Specify when (if ever) parsers should give up

Hoylen · January 3, 2015, 4:28am

All inputs should be parsed

It would be really good if this stance was explicitly stated in the beginning of the specification. That helps sets one’s frame of mind when reading it.

Currently, the only mention of errors is in Section 1.2 where it says, “to make matters worse, because nothing in Markdown counts as a ‘syntax error’, the divergence often isn’t discovered right away.” That could mislead the reader in thinking that it would be useful to have syntax errors and then incorrectly assuming that CommonMark introduces syntax errors.

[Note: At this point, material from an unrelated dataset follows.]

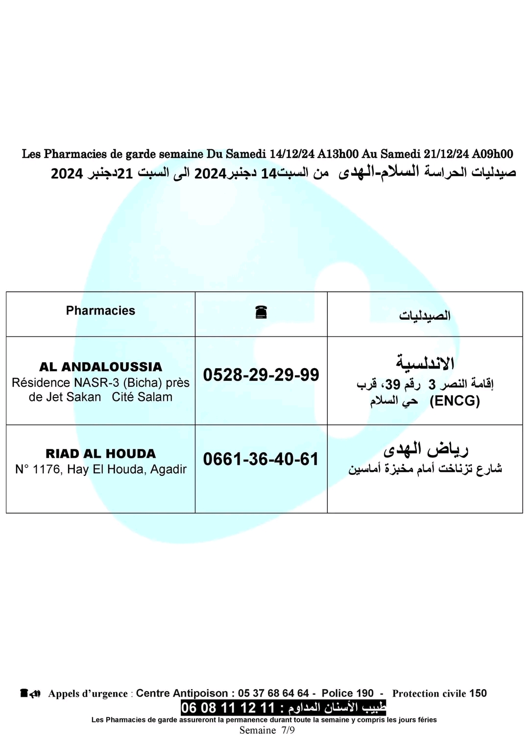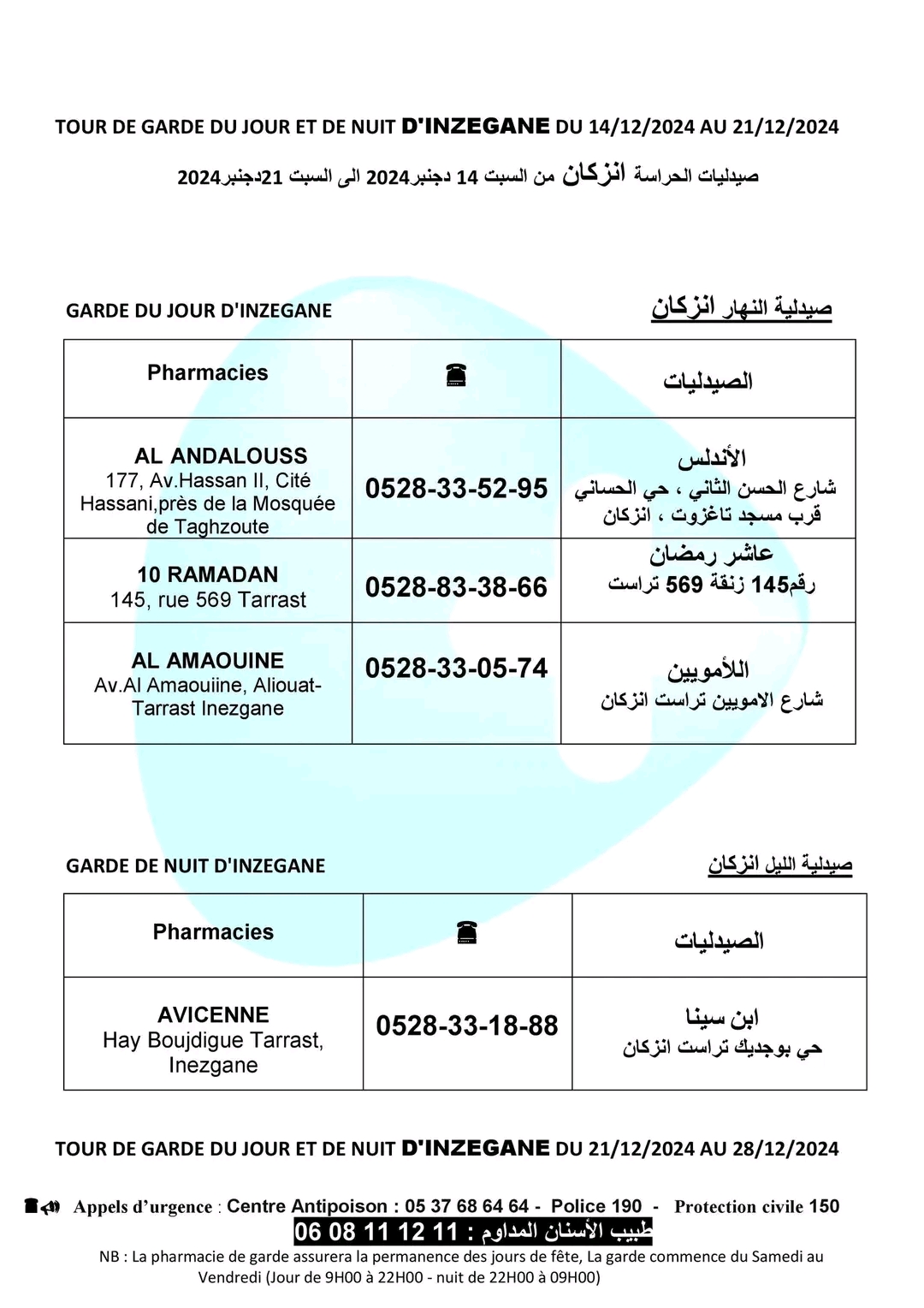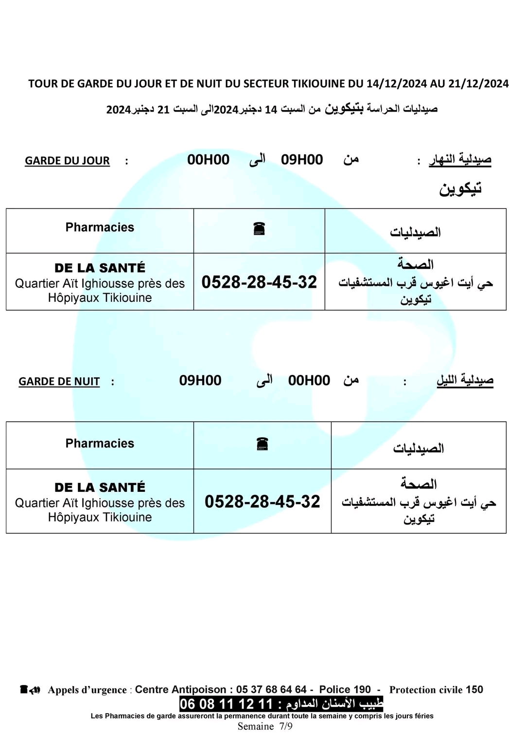 لائحة صيدليات الحراسة لهذا الأسبوع بأكادير وإنزكان وأيت ملول وتيكوين أكاديرإنو 14 دجنبر 2024 - 12:21 Facebook Twitter Whatsapp Whatsapp Messenger Messenger Email صيدليات الحراسة بأكادير وإنزكان وتيكوين وأيت ملول، من السبت 14 دجنبر 2024 على الساعة الواحدة زوالا، إلى السبت 21 دجنبر 2024 على الساعة التاسعة صباحا.

So essentially there is no such thing as invalid CommonMark. Any sequence of characters is valid CommonMark; and any conforming parser must successfully consume it. The results might not be what the document author had intended, but it won’t be “wrong” as far as CommonMark syntax is concerned. Same for output: any program that generates any sequence of characters generates valid CommonMark.

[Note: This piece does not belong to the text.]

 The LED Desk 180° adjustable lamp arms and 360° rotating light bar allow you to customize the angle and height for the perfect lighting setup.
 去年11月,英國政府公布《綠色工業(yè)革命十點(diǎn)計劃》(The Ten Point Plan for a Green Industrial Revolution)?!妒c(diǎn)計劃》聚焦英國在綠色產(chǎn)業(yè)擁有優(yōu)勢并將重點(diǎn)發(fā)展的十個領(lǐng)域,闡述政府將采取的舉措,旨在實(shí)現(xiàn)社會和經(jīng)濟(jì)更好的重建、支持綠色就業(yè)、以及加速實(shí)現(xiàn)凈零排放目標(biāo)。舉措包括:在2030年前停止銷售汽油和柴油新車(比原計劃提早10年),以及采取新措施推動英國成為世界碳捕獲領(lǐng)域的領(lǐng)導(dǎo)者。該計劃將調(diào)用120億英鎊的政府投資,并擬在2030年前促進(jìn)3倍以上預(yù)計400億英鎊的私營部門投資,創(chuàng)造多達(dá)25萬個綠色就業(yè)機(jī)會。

There are inputs that raise errors, but those errors occur outside of CommonMark parsing. For example, malformed UTF-8 encodings – which is outside the scope of CommonMark, since CommonMark operates on Unicode characters and not bytes. Perhaps the presence of U+0000 can be pushed outside the scope of CommonMark? Anko could define the behaviour of his “bytes to characters” converter to flag U+0000 as invalid input, before it is passed to the CommonMark parser.

P.S. What does “replace the Unicode character” mean: replace it with what? To avoid confusion, how are making “must strip” the only way to handle U+0000?